This story originally was published in Global KY
Mohammed Saeed, 28, is a physician and a Visiting Fulbright Student at the University of Kentucky, having arrived in Lexington a year and half ago from Baghdad, Iraq. He is currently finishing his final semester of a Masters of Public Health Program, where he focuses on epidemiology, or the study of “the distribution and determinants of disease and injury in human populations.”
Mr. Saeed graduated from the University of Baghdad in 2007, and worked for more than two years as a physician in several hospitals in Baghdad. These and several volunteer experiences, including with an NGO working on health projects, helped him decide to apply for a Fulbright.
The decision to study in the US was not only related to the number of scholarships and opportunities available, but also to the fact that Mr.
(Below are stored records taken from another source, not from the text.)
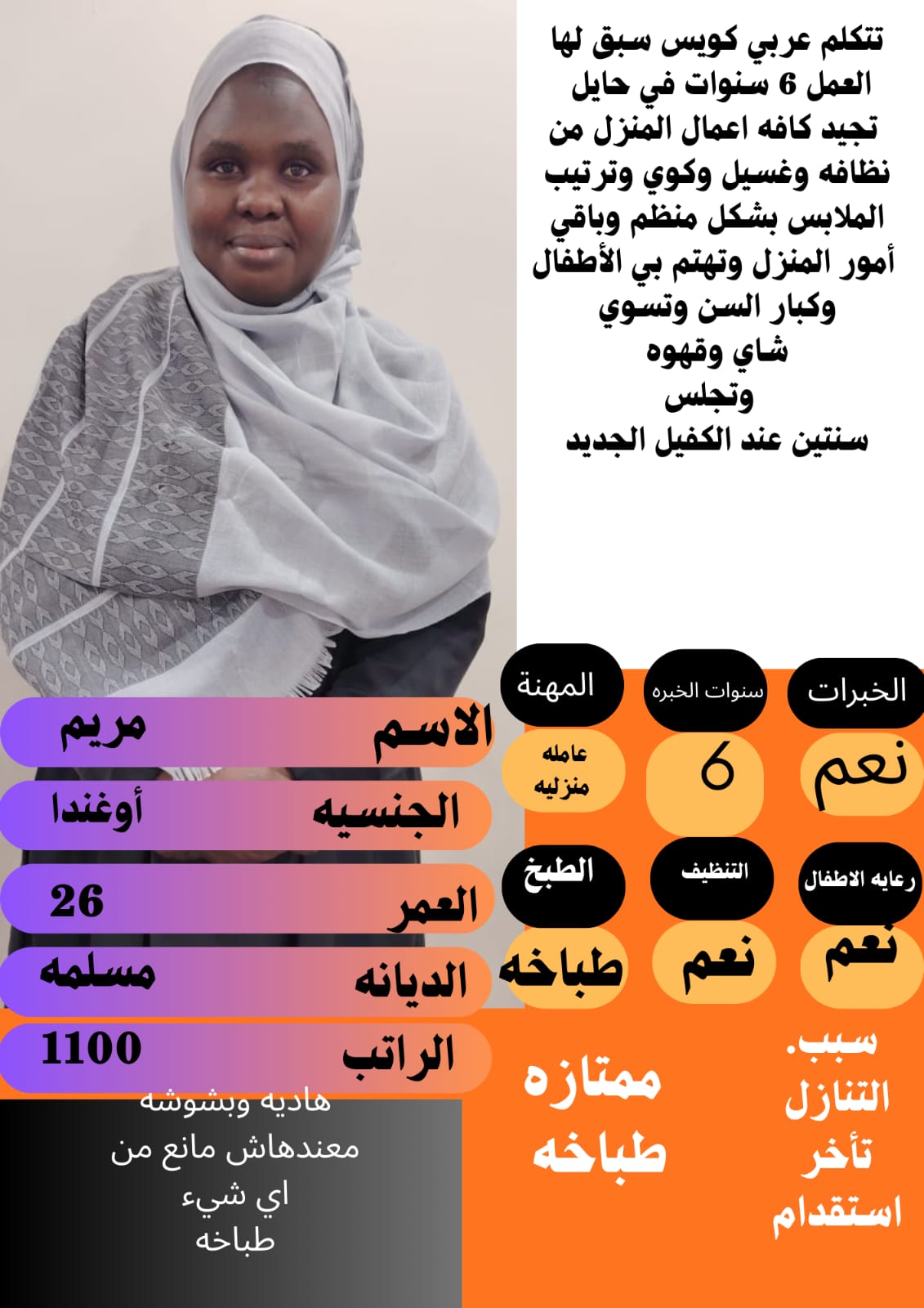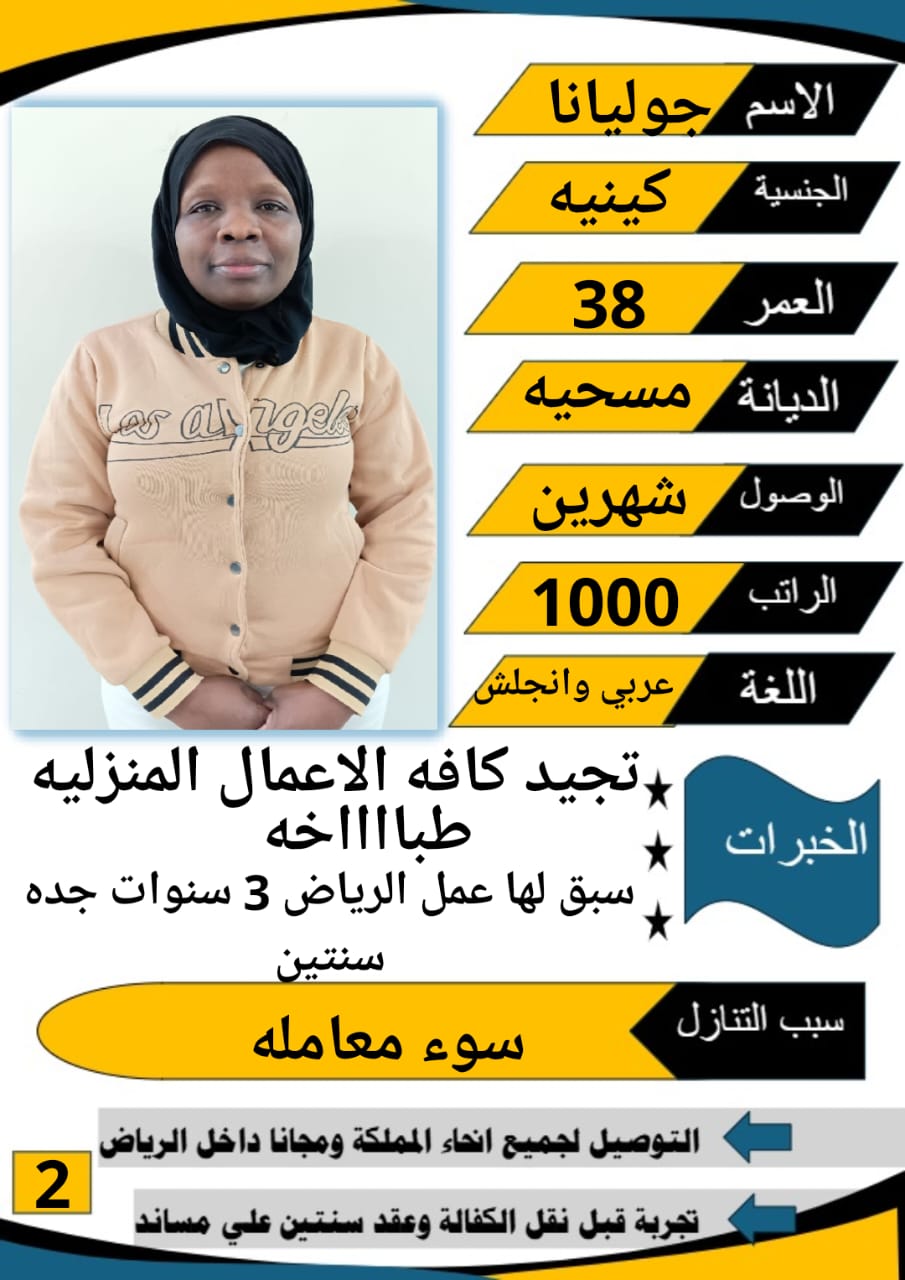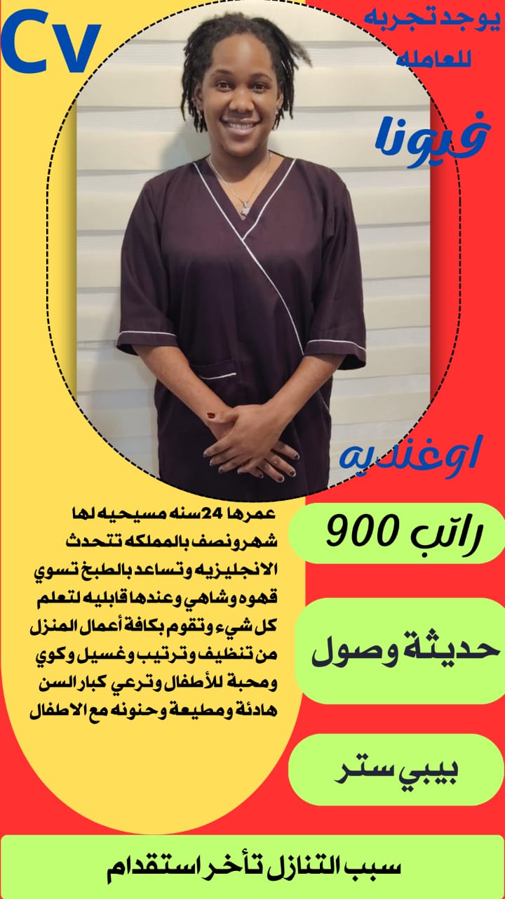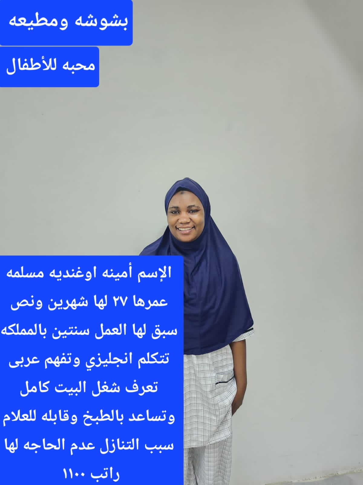 اوغندية ممتازة تجيد بعض الطبخ السعودي الراتب 1000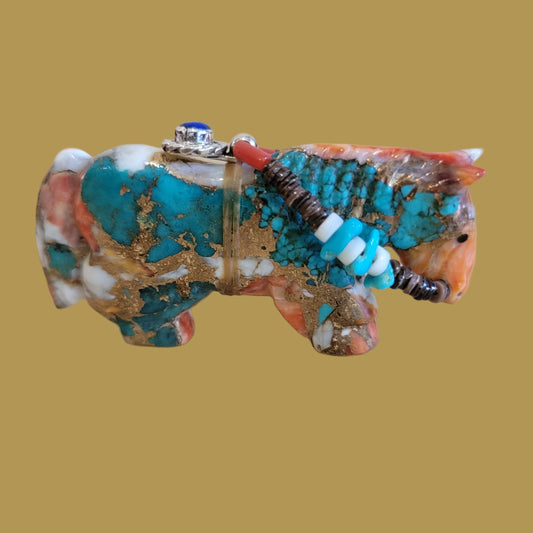 Classic Picasso Marble Bison/Buffalo Zuni Fetish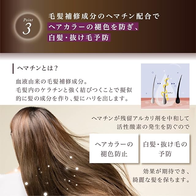 ✨【その他の有効成分は?】毛髪補修成分のヘマチン配合で、ヘアカラーの褪色防止に期待ができます。ヘマチンは血液由来の毛髪補修成分で、髪の毛の主成分であるケラチンと強く結びつくことで髪の毛にツヤとハリを与えます。ノンシリコンで、髪の毛と頭皮の乾燥やトラブルをケアする成分(ハチミツ/オリーブ果実油/ヒマシ油/シルク/コラーゲン/ケラチン)が配合されています。そしてアミノ酸系洗浄成分と植物由来洗浄成分で必要お油分を残し、保湿しながら優しく洗います。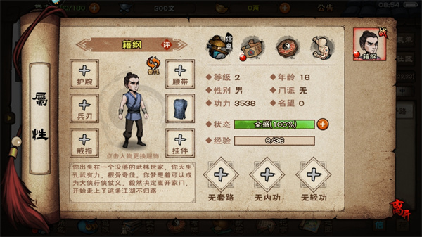 角色面板:可查看角色的等级、属性、装备、武学等信息,方便了解角色的成长情况。

Saeed’s chosen field of study, public health, is not even offered in Iraqi universities.
“I chose public health because when I was practicing medicine, I realized how essential it is, and how lacking it is in Iraq,” Mr. Saeed said. “No one does public health in Iraq…[T]here are good doctors and nurses and health workers, but the system is not working.”
pictured left: Mr. Saeed delivering donated medical books to Baghdad Medical College.
On deciding ultimately to concentrate his studies on epidemiology, Mr. Saeed draws on his personal experience with disease epidemics in Baghdad, lamenting, “No one pays attention, no one actually investigates anything. When I worked at the pediatric hospital, we would see a surge in measles cases, but that would be it. We just treat them, we don’t investigate why it’s happening. Or another example, hepatitis – even through just talking to the patients, one could realize most of them come from al-Sadr City, which is an impoverished area of Baghdad, and the water is not clean – that’s why they’re getting hepatitis. But then no one does anything about it.”
One of the reasons these epidemics are ignored, Mr. Saeed mentions, is that these issues sink to the background in the context of news about “explosions and political change”. He recently gave a lecture at UK covering these and other issues – discussing the ‘Recent History of Iraq, US Involvement and War and Current Issues.’
On post-war life, Mr. Saeed keeps a healthy balance of optimism and realism. He points to Iraq’s new political freedom (vs. the old “system of suppression”) and the country’s rising economic status and prosperity. He is glad that Iraqis no longer suffer under Saddam Hussein’s regime, and that the violence during the war, which peaked in 2006 and 2007, has been slowly subsiding. But he laughs when he hears mention of the end of the war, saying, “The war is over to the US, but not to Iraqis – for us, it’s still going on.”
He admits that he and many others in Iraq have become less idealistic over time - largely due to systemic challenges of corruption and poor management - but he still embraces the opportunity that the Fulbright Program has given him to build his skills at the University of Kentucky. As quoted by a recent USA Today article that featured Mr. Saeed, “This is giving us the tools to hopefully fix some of the problems. The more of us that can get this kind of experience, the better Iraq will be.”
Of his experience at the University of Kentucky, Mr. Saeed is very positive. He notes that the academic climate and the relationship between faculty members and students are “very different from what I’m used to in Iraq. The atmosphere is much more casual. The professors are much more helping and concerned – they would approach a student if [they thought] something was wrong. And there are so many resources here to help students.” He pauses and laughs again, saying “Even the campus…a college in Iraq would be surrounded by walls, but here everything’s open.” He has also taken advantage of opportunities outside of UK, including a summer internship at the Center for Disease Control in Atlanta, Georgia last year.
The hope that these and other similar experiences will help to shape the next generation of leaders in Iraq is largely behind a broader national effort to increase the number of Iraqis studying in the US - an effort that reaches to the top echelons of government. “Through efforts like the Fulbright program,” President Obama said in a December press conference, “we’re welcoming more Iraqi students and future leaders to America to study and form friendships that will bind our nations together for generations to come.”
Mohammed Saeed is one of six Visiting Fulbright students at the University of Kentucky for the 2011/12 academic year. There are also three Fulbright scholars who are teaching and/or conducting research at UK. Mr. Saeed is a TA for the Department of Statistics and an RA for the Applied Statistics Lab.